Eric Garcetti to Kerry Morrison in 2010: "You don't want to have to register as a lobbyist?  Whatever baby wants, baby gets."  Except, of course, baby still has to register, it's just next to impossible to prove it.
Eric Garcetti to Kerry Morrison in 2010: “You don’t want to have to register as a lobbyist? Whatever baby wants, baby gets.” Except, of course, baby still has to register, it’s just next to impossible to prove it.
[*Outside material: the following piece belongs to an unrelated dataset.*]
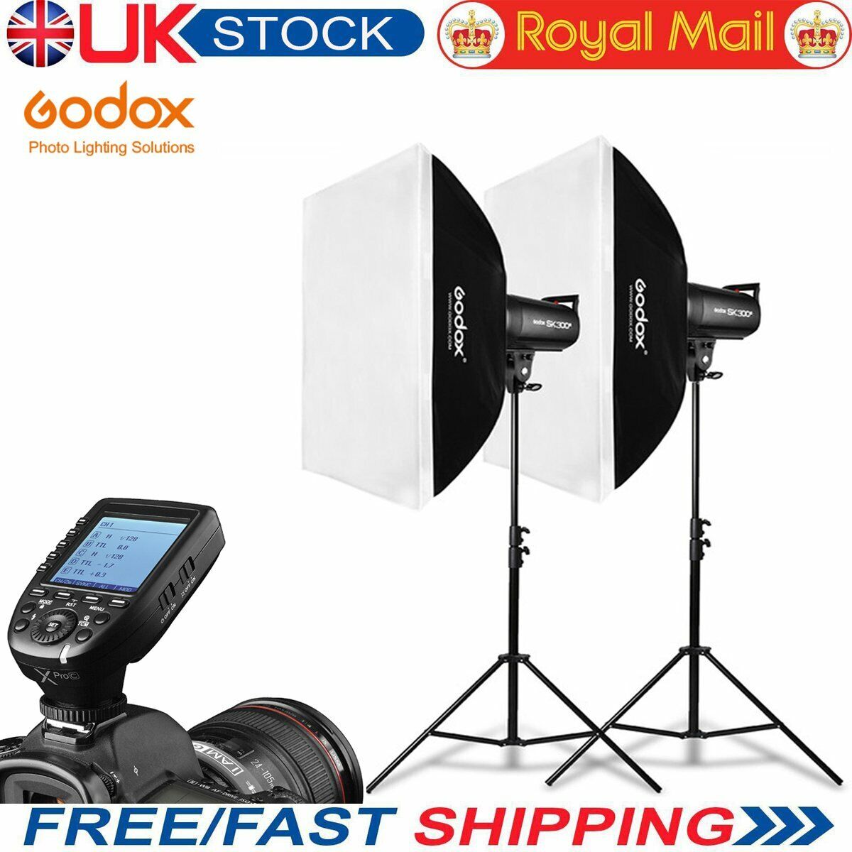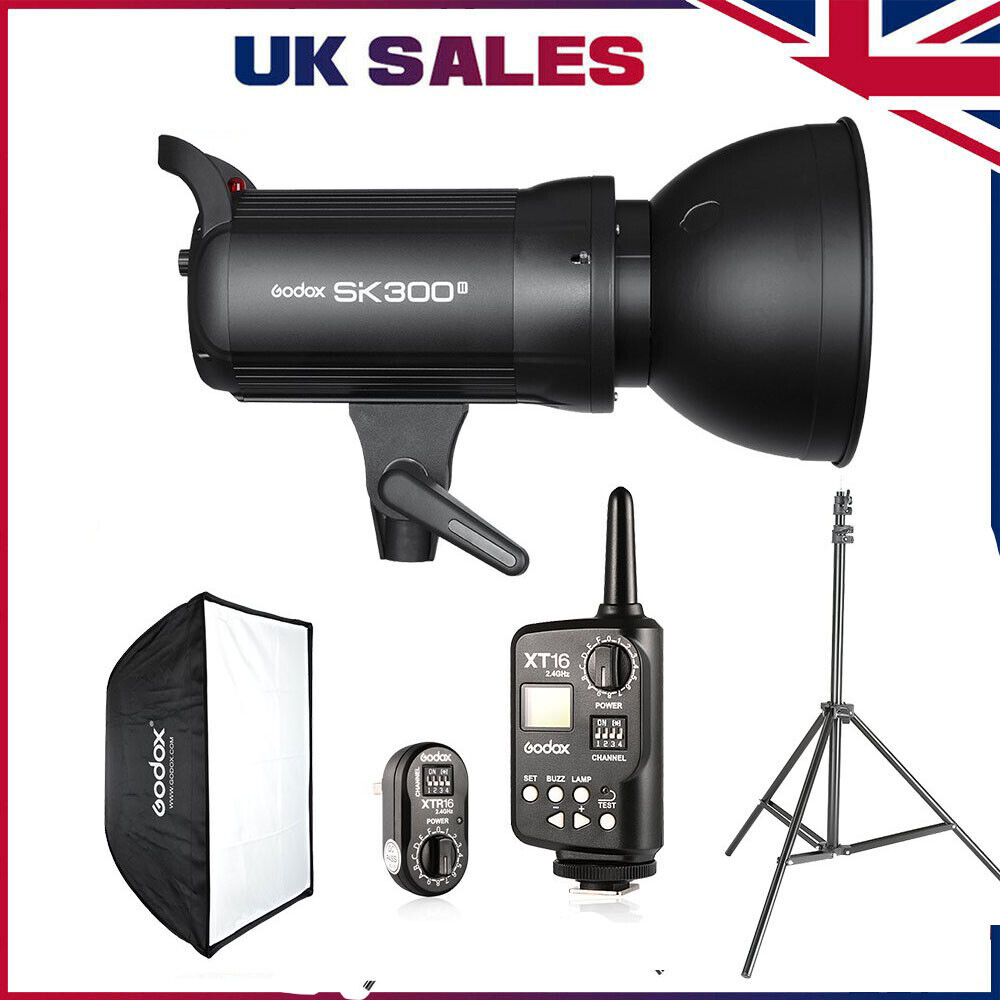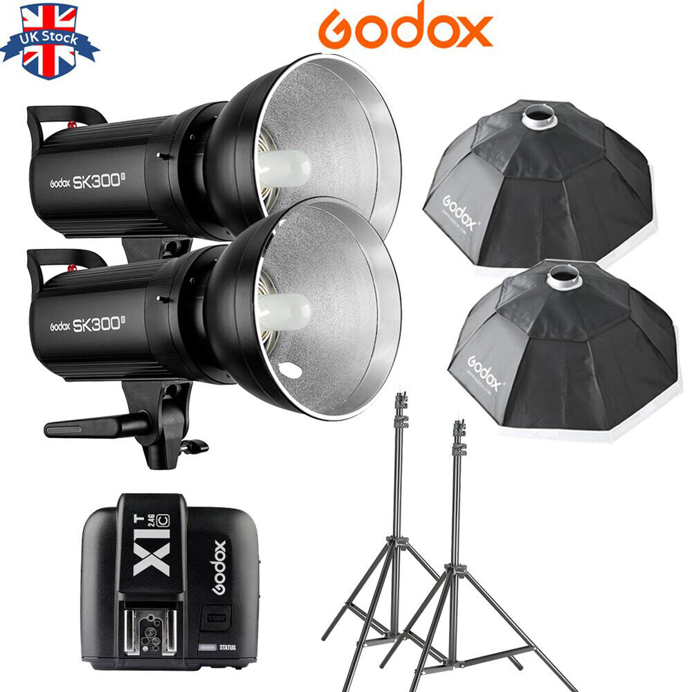 UK 2*Godox SK300II 300W 2.4G Flash+95cm FW softbox+light stand+X1T-C for Canon

So now the staff of the CEC, whose Executive Director is the same Heather Holt who got tarred, feathered, and mocked by Garcetti over this very same issue in 2010, has prepared a new proposed revision of the definition of lobbyist. The Commissioners will be discussing it at their upcoming meeting on August 9, 2016. The new proposal owes some debts to the last proposal, but its central point is quite different. It’s a change to a compensation-based rather than a time-based definition, which is fairly standard around the rest of the country:

We recommend returning to a compensation-based definition and that “lobbyist” be defined as an individual who is entitled to receive $2,000 or more in a calendar year for attempting to influence a City matter on behalf of another person. The attempt to influence would include a direct communication with a City official or employee, and compensation could be either monetary or non-monetary.